Provided material –
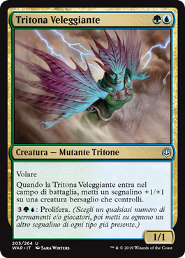 | Rules | Flying When Merfolk Skydiver enters the battlefield, put a +1/+1 counter on target creature you control. : Proliferate. (Choose any number of permanents and/or players, then give each another counter of each kind already there.) |
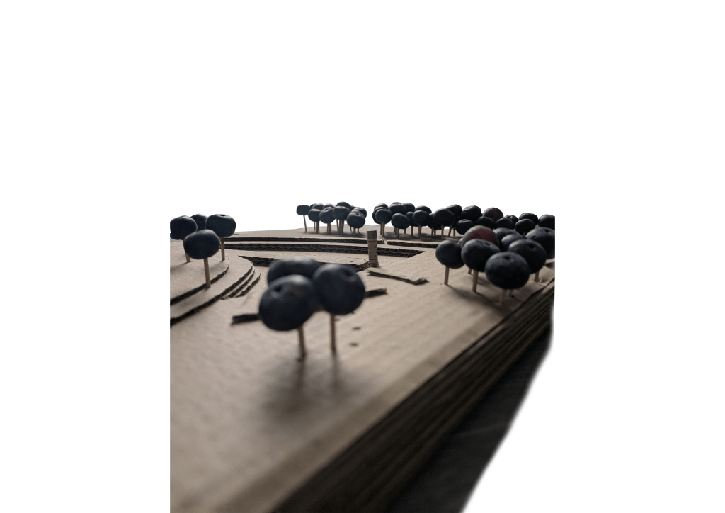 The model is built to a 1:500 plan scale, though the physical elements aren’t strictly scaled in 3D. Still, the overall form, especially the mounding, communicates the intended spatial experience quite well. Unfortunately, I wasn’t able to access the model-making studio or laser cutter, so the edges are a bit rough. That said, I think the simplicity gives the model a certain charm, and the use of unconventional materials adds a layer of ingenuity and individuality that I’m proud of.
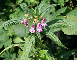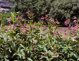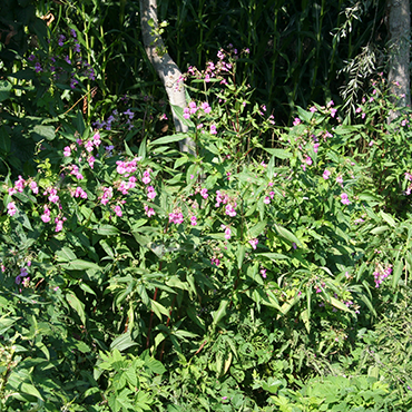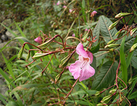 La Balsamina ghiandolosa è una pianta erbacea, annuale alta fino a 2 m (la pianta annuale più alta d’Europa!). Il nome scientifico richiama due caratteristiche della pianta: Impatiens (“impaziente”) si riferisce ai frutti (capsule) che a maturità “esplodono” appena toccati, proiettando i semi a notevoli distanze; glandulifera si riferisce alle ghiandole che si trovano ai nodi del fusto, sui piccioli e alla base delle foglie. I fiori, di colore che varia dal bianco al rosa, al porpora hanno una forma particolare ed inconfondibile: grandi 2.5-4 cm, la corolla presenta due labbra (superiore rivolta verso l’alto e inferiore rivolta verso il basso) ed è prolungata posteriormente in un sacco, che termina con un breve sperone. Differenze di colore, forma e dimensione dei fiori, caratterizzano le altre specie alloctone del genere Impatiens, talvolta invasive in Europa.

Your instructions – Write out again exactly the lines from the start of the data above through the line containing "The model is", inclusive, excluding any pictures.

Output below –
 | Rules | Flying When Merfolk Skydiver enters the battlefield, put a +1/+1 counter on target creature you control. : Proliferate. (Choose any number of permanents and/or players, then give each another counter of each kind already there.) |
 The model is built to a 1:500 plan scale, though the physical elements aren’t strictly scaled in 3D. Still, the overall form, especially the mounding, communicates the intended spatial experience quite well. Unfortunately, I wasn’t able to access the model-making studio or laser cutter, so the edges are a bit rough. That said, I think the simplicity gives the model a certain charm, and the use of unconventional materials adds a layer of ingenuity and individuality that I’m proud of.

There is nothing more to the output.